Conversations in our house are strange. Which is why my husband is awesome. Today I figured I’d give you a sneak peek into Jenville (I know, you’re excited).
Me: Would you catch stars with me?
Hubs: Why the hell would I want to catch stars?
Me: Lucky dust. *gives the ‘duh’ stare*
Hubs: How lucky?
Me: I can’t guarantee it will win us the lottery. (Answering the question he didn’t ask, but wanted too).
Hubs: Then no.
Me: Why not? You’re not doing anything else.
Hubs: I’m going to make dinner.
Me: *remains silent* Hmm, okay, you win.
Who knew conversations like that led to my husband making dinner! WRITERS EVERYWHERE, feel free to try it out on your spouse… it just might WORK!
A few days later…
Me: What if we actually turned into our cats?
Hubs: Two nights ago you were worried about our cats plotting to kill us. Now you’re thinking about being them so we want to kill ourselves?
Me: I never thought about it like that. If we were still ourselves though, in fur, we wouldn’t have to worry about it. (PS – Seriously you’ll think your cat has a plot to kill you after reading THIS).
Hubs: If you’re still you there’s no way in hell you’ll eat the cat food. We’d be screwed.
Me: You’re saying you’d eat it?
Hubs: I’d at least try it.

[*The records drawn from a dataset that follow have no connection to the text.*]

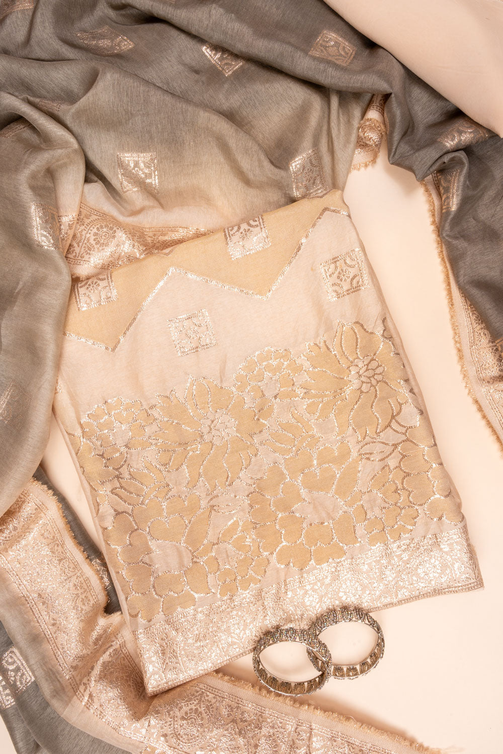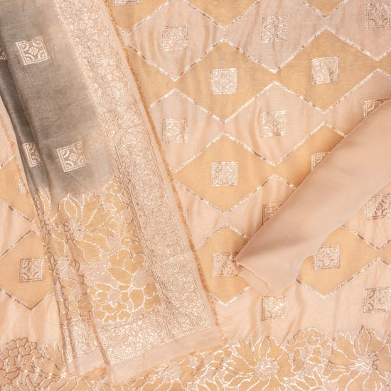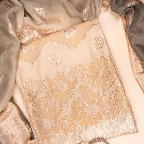 Panna Tussar Woven Zari Cotton Unstitched Salwar Suit With Cotton Dupatta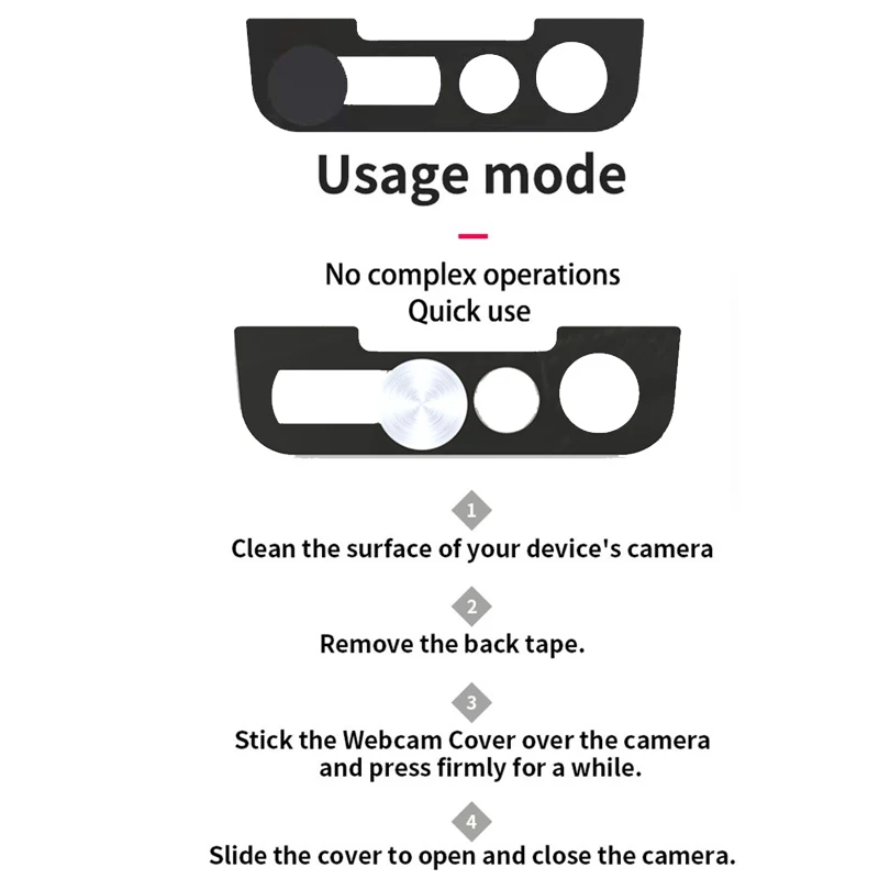 -Fácil de usar: la cubierta de la cámara web se puede abrir o cerrar con solo un simple movimiento del dedo.El adhesivo se puede aplicar y quitar fácilmente del dispositivo requerido sin dejar rastro.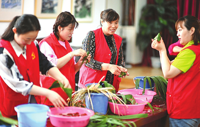 6月3日,志愿者和居民們正在開(kāi)心地一邊包粽子一邊嘮家常。當(dāng)日,太原市迎澤街道青年路一社區(qū)志愿者提早備好原料,邀請(qǐng)社區(qū)困難家庭居民,歡聚一堂包粽子,共話(huà)美好生活。(記者李兆民攝)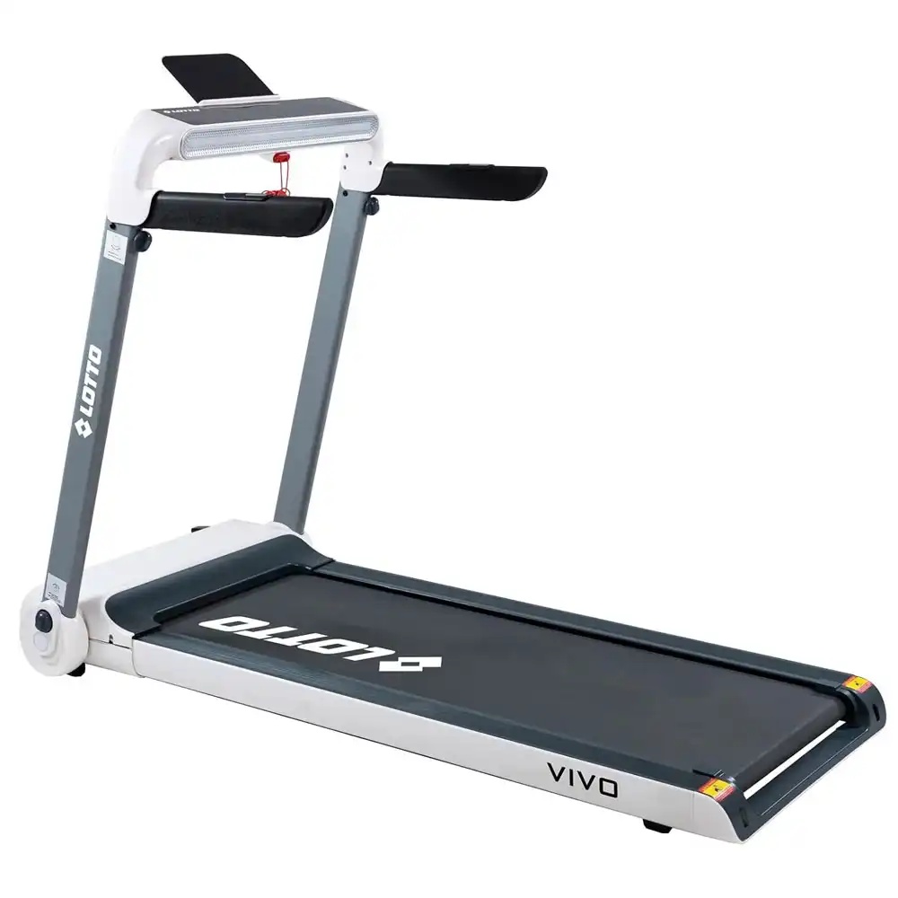 LOTTO VIVO • Електрична трака за трчање со мотор од 2.5 коњски сили • Бела боја • Површина за трчање 121×46 cm • Максимална тежина на корисник 120 kg • Автоматско прилагодување на наклонот на 15 нивоа • Брзина на трчање 1-15км/ч • ЛЦД екран со осветлување • Функции на компјутерот за мерење: Време • брзина • дистанца • калории • срцев пулс • маснотии во телото • Можност за поврзување преку Bluetooth со Kinomap и Zwift апликации • Автоматски систем на подмачкување • Safety функција – магнетен клуч кој овозможува итно запирање на уредот • Доаѓа 95% асемблирана • Вградени тркалца • Димензии во асемблирана состојба 156.7x77x119.5 cm • Тежина 60кг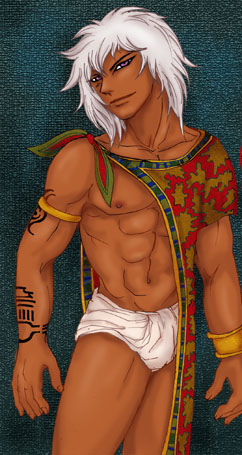 私的にはバクラは異国の血が濃いと思ってるので、外国風の衣装を着てもらいました。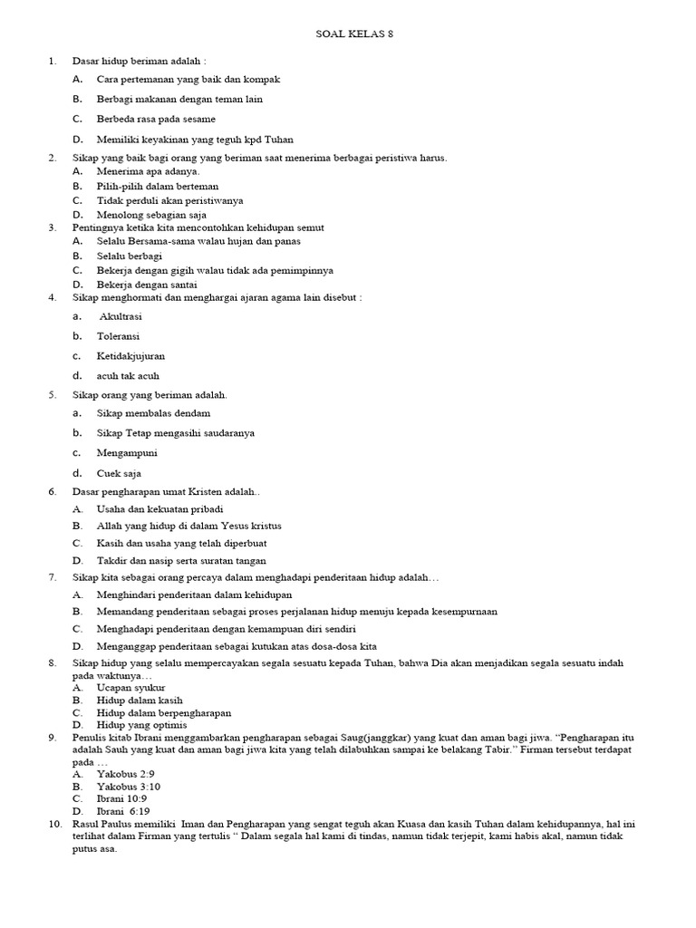 D. Memiliki keyakinan yang teguh kpd Tuhan

If I’m a cat it wouldn’t be so bad I’d think.
Me: What would happen to our cats if they were still cats in human bodies?
Hubs: Why the hell do we have to do this now? The games on.
Me: I’m just worried they’d spend all day sleeping and my back would hurt even worse the next day. Or worse, they’d get stuck in a weird cat like position I couldn’t get out of when I change back.
Hubs: *watches game*
Silence enters the room. Both cats awake and staring at me (again, probably plotting to kill me).
Me: Well at least one thing is for sure. I DO NOT WANT TO BE MY CAT FOR A DAY. Sounds like too much work.
Hubs: This conversation is too much work.
Silence fills the room, AGAIN. I walk to the refrigerator, grab a carton of ice cream – and a spoon. Cats stare at me… I walk to cupboard pull out kitty treats, disperse appropriately… okay maybe I give them to many. After this conversation I don’t want to die. I value my life. And my husbands – even if tires of my conversations.